Al final: “Somos lo que hacemos” (así señaló el historiador estadounidense W. Durant para resumir el pensamiento de Aristóteles acerca de la excelencia). Solo lo que hacemos nos define; ni lo que pensamos, ni lo que decimos y mucho menos lo que leemos por ahí.
I. Kant es implacable en sus imperativos categóricos: solo quien se comporta, ES (el acto subordina la etiqueta): aquel que estudia es estudiante, aquel que dice la verdad es honesto, aquel que cumple su palabra es coherente, aquel que se compromete (con actos de servicio y entrega) es confiable, aquel que da (y más importante aún: aquel que se da a sí mismo) es generoso.

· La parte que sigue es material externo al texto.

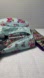 Charming quilted cosmetic pouch with magnetic closure and pencil case with floral patterns. Features vibrant exterior and clean interior.

Disfrazamos con palabras nuestras carencias (“Dime de qué presumes y te diré de qué careces”); el ego necesita etiquetar precisamente lo que no somos para que nos sintamos acogidos (justificados?).
G. Hegel define el valor social de una persona por sus actos evidentes y no por su bondad aparente. Y con evidentes se refiere a aquellos contrastados por los demás, por los que se benefician o padecen las consecuencias de nuestros actos. Podemos pontificar individualmente, sin embargo la verdad surge de la evaluación del otro, de allí su importancia.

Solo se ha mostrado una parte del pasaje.